En disant ces mots, il s’empare de la lettre, et la porte à ses lèvres. Je lui dis en vain que ce n’est point à lui qu’elle est adressée, je lui reproche en vain son imprudence, son indiscrétion et son audace ; il m’écoute point et s’enfuit en me jurant que la mort même ne le séparera point de ce gage de ma tendresse.

J’avoue que, dès ce moment, je crus ma destinée enchaînée à la sienne. Je venais de recevoir ses serments, il possédait l’assurance positive du retour que j’accordais à son amour ; je n’entrevoyais plus aucun moyen de satisfaire aux volontés de mon père ; et dans la nécessité de les braver, je résolus de m’exposer à son ressentiment plutôt que de m’abaisser à trahir sa confiance en lui cachant ce qui venait de se passer, et la ferme résolution que j’avais prise de concert avec ma jeune amie.

Dans cette disposition, j’attendis courageusement le retour de M. de Montbreuse. Il revint seul, j’allai au-devant de lui, nous entrâmes dans son cabinet ; sa physionomie était riante, il paraissait revenir content de son voyage, et je me disposais à profiter de ce moment pour lui faire mes pénibles aveux, quand il me dit de l’air le plus satisfait :

— Je viens de terminer une affaire qui peut assurer le bonheur du reste de mes jours. Vous devinez bien, Léonie, qu’il s’agit du vôtre.

Ce début me donna quelque espoir, je pensai que ma tante s’était peut-être servie du crédit d’un grand personnage pour déterminer mon père en faveur de son fils ; mais cette illusion cessa bien vite. M. de Montbreuse ajouta :

— Le roi vient de m’accorder la seule grâce que j’eusse à lui demander. Il rend au fils de mon meilleur ami tous les biens dont l’imprudence de son père avait failli le priver pour toujours, et pour mettre le comble à la faveur qu’il m’accorde, il veut vous marier, Léonie ; je suis chargé de vous offrir l’hommage d’un des hommes les plus distingués de sa cour.

— Pardonnez ! ô mon père, interrompis-je avec chaleur, et plaignez-moi de ne pouvoir soumettre mon cœur à vos désirs ; il n’est plus à moi, j’ai vainement combattu ma faiblesse, j’aime Alfred ; puis-je accepter la main d’un autre ?… non, jamais… N’est-ce pas assez de renoncer à lui, de le voir s’éloigner ? Ah ! par grâce, mon père, n’ajoutez pas à tant de sacrifices le malheur de me séparer de vous !

M. de Montbreuse en m’écoutant avait pris un air sévère, qui, dans tout autre moment, m’aurait imposé silence ; mais j’étais dans une de ces situations de l’âme où le danger augmente l’énergie, et sans redouter son courroux, je lui montrai le billet d’Alfred, et lui appris comment il avait enfreint ses ordres pour me dire un dernier adieu. Je ne dissimulai aucune des circonstances qui aggravaient mes torts, et je dus probablement à cet excès de franchise la confiance que mon père a toujours eue depuis dans ma sincérité, et l’indulgence qu’on ne sait pas refuser à la bonne foi.

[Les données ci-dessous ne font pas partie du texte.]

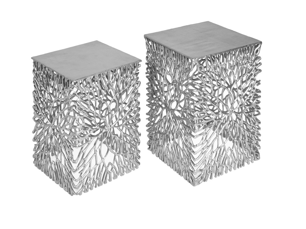 Odkládací stolek LEAF 40-45cm sada 2ks stříbrných

Je m’attendais à sa colère, sa modération m’abattit après m’avoir écoutée attentivement, il me dit d’un ton calme :

— Léonie, si après vous être ainsi compromise envers votre cousin, vous veniez à découvrir que tout ce roman est le fruit de l’exaltation de votre tête, et non pas l’effet d’un sentiment durable, que feriez-vous alors ?…

— Je n’ai pas prévu comment je me conduirais dans une situation qui ne sera jamais la mienne.

— Eh bien, moi, je dois le prévoir, reprit-il avec ironie, et laisser au temps le soin de vous désabuser. Je pourrais combattre vos résolutions, vous ordonner de vous soumettre aux miennes, et vous représenter ce qui peut résulter pour vous et pour moi d’un refus si peu motivé, mais j’aime mieux encourir toutes les disgrâces possibles, que d’user avec tyrannie de mon autorité sur vous ; dès demain j’ôterai toute espérance à celui dont vous rejetez la main sans vouloir même le connaître, et je me résignerai au chagrin de vous voir victime d’une folie que votre âge seul peut excuser.

En finissant ces mots, il me lança un regard de pitié, et me quitta avec autant de froideur et de calme que j’éprouvais de peine et d’agitation.